▶ **Directions**
Your answer should hold exactly the lines below from the line with "Giffarine Thailand แบรนด์ธุรกิจเครือข่ายชั้นนำ" through the line with "盆景园内,美人梅如娇羞的少女", both included, and no pictures at all.

----- Available data

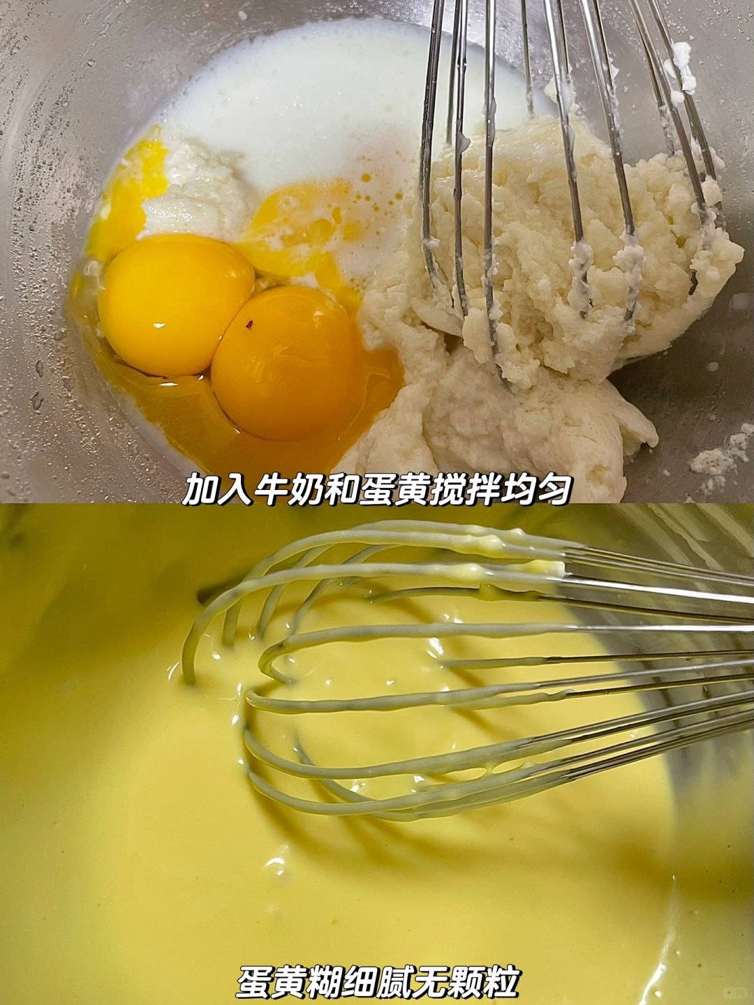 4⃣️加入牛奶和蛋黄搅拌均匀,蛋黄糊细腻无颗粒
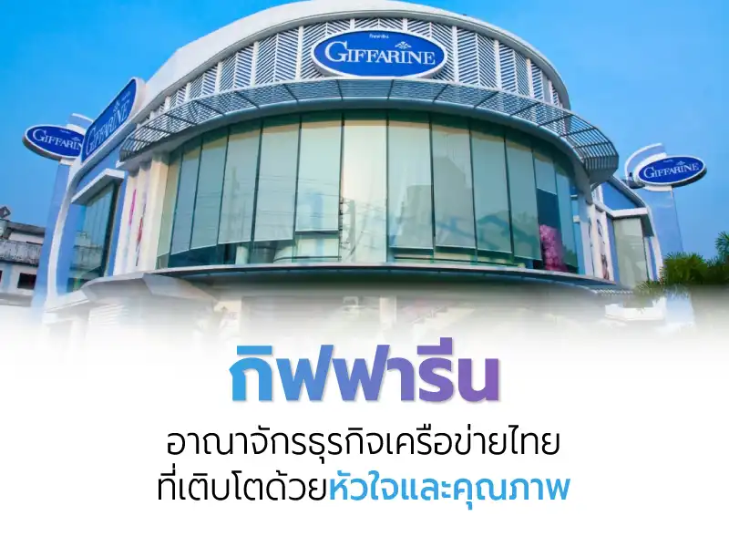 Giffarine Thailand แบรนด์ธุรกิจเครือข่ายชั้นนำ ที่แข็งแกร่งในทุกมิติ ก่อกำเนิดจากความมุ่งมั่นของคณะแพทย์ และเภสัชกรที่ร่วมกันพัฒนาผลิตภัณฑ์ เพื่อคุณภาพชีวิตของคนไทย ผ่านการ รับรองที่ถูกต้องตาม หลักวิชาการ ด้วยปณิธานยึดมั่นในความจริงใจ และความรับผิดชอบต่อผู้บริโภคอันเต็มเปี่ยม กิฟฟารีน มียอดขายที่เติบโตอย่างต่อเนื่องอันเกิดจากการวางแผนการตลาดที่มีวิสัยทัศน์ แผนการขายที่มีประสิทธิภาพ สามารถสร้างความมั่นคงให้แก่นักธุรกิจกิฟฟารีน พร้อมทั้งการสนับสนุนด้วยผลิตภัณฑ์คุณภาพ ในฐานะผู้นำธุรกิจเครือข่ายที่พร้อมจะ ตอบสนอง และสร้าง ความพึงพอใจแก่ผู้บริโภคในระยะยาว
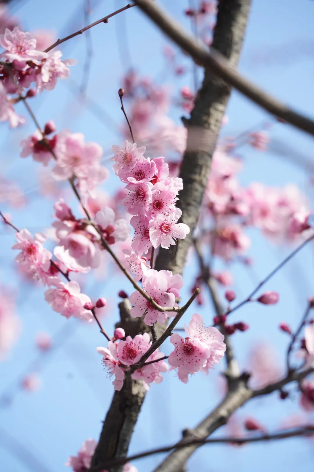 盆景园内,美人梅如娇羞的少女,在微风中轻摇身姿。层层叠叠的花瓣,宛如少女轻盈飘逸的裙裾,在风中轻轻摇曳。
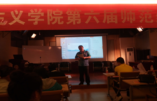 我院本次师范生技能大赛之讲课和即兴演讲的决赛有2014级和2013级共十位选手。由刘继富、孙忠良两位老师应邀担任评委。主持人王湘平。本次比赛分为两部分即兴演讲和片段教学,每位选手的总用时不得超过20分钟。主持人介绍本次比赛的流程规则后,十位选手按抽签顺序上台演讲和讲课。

----------

▶ **Worked solution**
 Giffarine Thailand แบรนด์ธุรกิจเครือข่ายชั้นนำ ที่แข็งแกร่งในทุกมิติ ก่อกำเนิดจากความมุ่งมั่นของคณะแพทย์ และเภสัชกรที่ร่วมกันพัฒนาผลิตภัณฑ์ เพื่อคุณภาพชีวิตของคนไทย ผ่านการ รับรองที่ถูกต้องตาม หลักวิชาการ ด้วยปณิธานยึดมั่นในความจริงใจ และความรับผิดชอบต่อผู้บริโภคอันเต็มเปี่ยม กิฟฟารีน มียอดขายที่เติบโตอย่างต่อเนื่องอันเกิดจากการวางแผนการตลาดที่มีวิสัยทัศน์ แผนการขายที่มีประสิทธิภาพ สามารถสร้างความมั่นคงให้แก่นักธุรกิจกิฟฟารีน พร้อมทั้งการสนับสนุนด้วยผลิตภัณฑ์คุณภาพ ในฐานะผู้นำธุรกิจเครือข่ายที่พร้อมจะ ตอบสนอง และสร้าง ความพึงพอใจแก่ผู้บริโภคในระยะยาว
 盆景园内,美人梅如娇羞的少女,在微风中轻摇身姿。层层叠叠的花瓣,宛如少女轻盈飘逸的裙裾,在风中轻轻摇曳。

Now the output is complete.